**EXERCISE GOAL:**
Without pictures, return the lines from the one containing "- Sora-auto, 4-akselinen" through the last line of the data below, exactly.

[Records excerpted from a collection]
◆ ◆ ◆ ◆ ◆ ◆ ◆

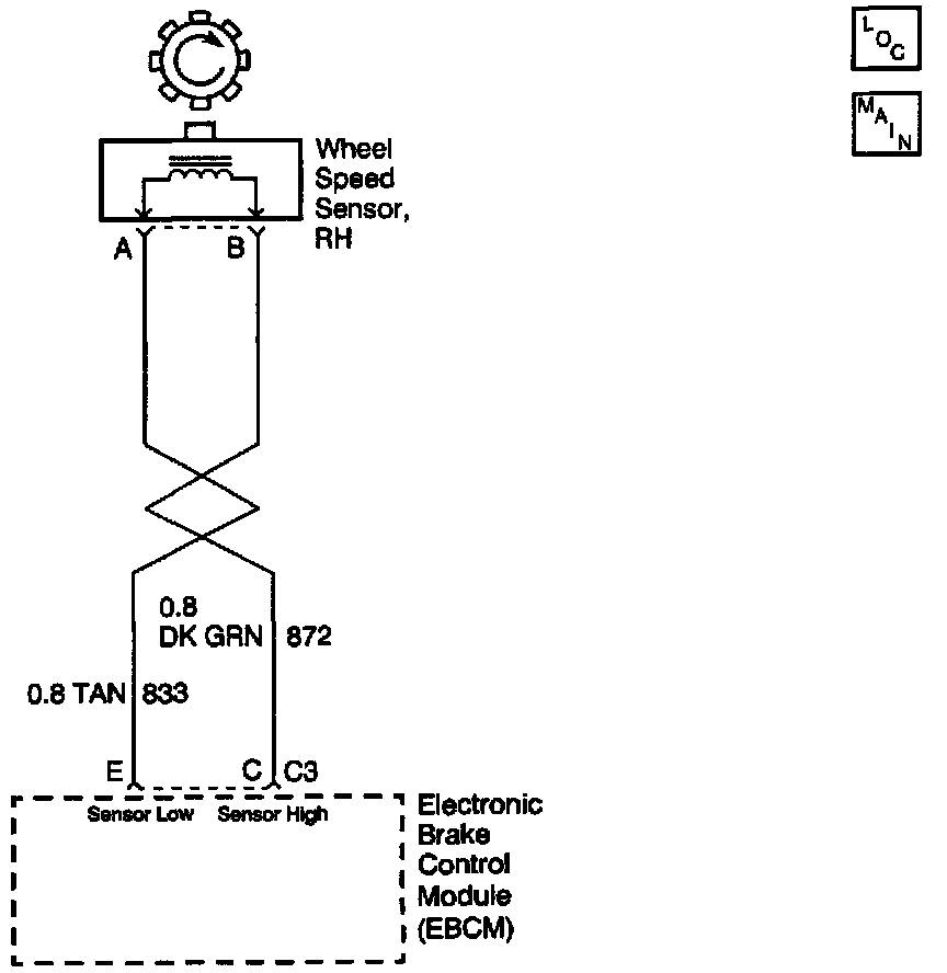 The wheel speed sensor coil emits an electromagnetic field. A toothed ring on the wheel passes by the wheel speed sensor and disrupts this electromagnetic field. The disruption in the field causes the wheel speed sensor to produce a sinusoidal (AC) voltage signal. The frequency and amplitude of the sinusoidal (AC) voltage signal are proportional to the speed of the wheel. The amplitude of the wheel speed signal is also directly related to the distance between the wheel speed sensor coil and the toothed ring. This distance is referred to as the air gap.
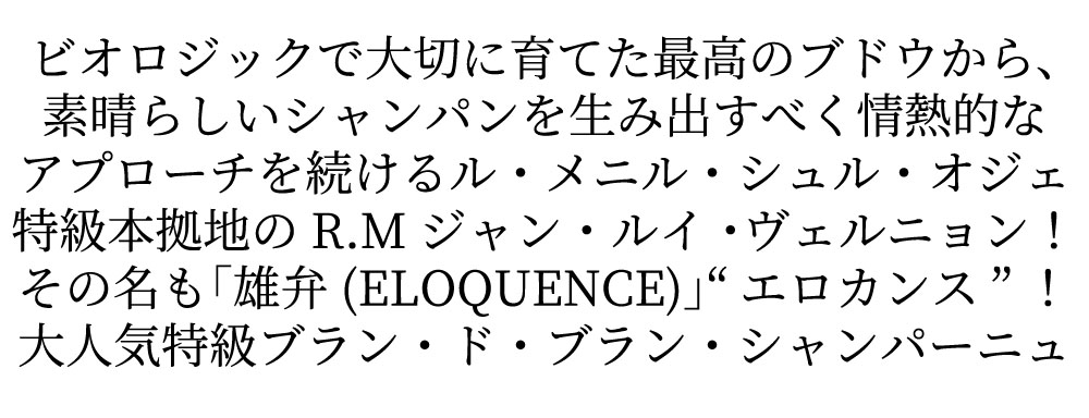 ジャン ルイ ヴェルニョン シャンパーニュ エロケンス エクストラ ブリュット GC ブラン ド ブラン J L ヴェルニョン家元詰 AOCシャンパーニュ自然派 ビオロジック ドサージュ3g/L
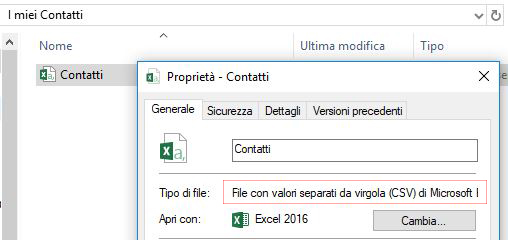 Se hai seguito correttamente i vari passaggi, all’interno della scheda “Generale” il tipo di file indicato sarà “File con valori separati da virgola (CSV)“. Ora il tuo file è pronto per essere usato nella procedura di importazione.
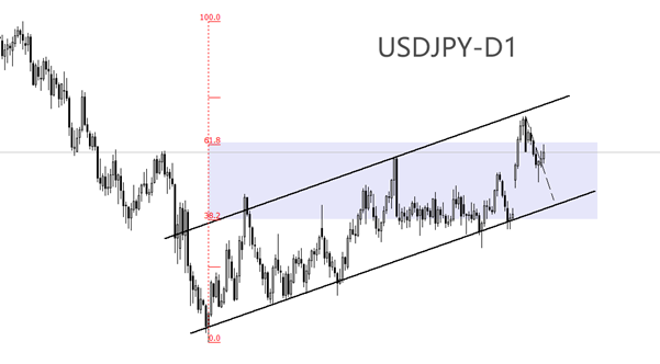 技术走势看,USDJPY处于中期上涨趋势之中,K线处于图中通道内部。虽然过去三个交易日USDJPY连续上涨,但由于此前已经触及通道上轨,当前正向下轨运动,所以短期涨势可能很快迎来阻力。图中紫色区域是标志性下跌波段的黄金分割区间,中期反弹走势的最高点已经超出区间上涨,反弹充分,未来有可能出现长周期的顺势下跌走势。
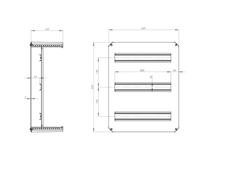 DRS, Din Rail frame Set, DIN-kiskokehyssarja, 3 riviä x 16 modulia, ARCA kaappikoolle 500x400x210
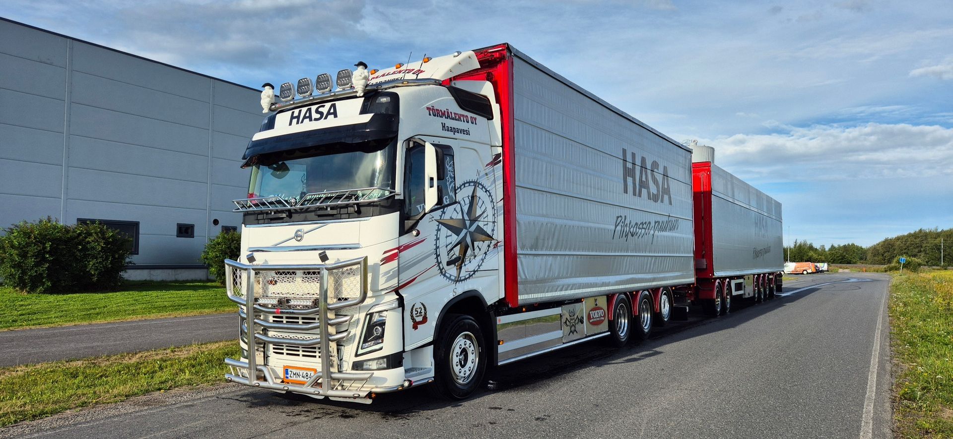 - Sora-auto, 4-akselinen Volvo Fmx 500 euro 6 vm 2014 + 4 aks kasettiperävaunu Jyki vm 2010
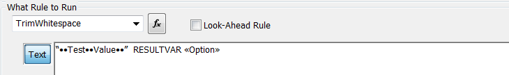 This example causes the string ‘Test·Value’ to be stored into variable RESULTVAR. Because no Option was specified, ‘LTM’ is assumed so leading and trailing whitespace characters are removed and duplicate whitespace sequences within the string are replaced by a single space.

◆ ◆ ◆ ◆ ◆ ◆ ◆

**OUTPUT OF THE EXERCISE:**
 - Sora-auto, 4-akselinen Volvo Fmx 500 euro 6 vm 2014 + 4 aks kasettiperävaunu Jyki vm 2010
 This example causes the string ‘Test·Value’ to be stored into variable RESULTVAR. Because no Option was specified, ‘LTM’ is assumed so leading and trailing whitespace characters are removed and duplicate whitespace sequences within the string are replaced by a single space.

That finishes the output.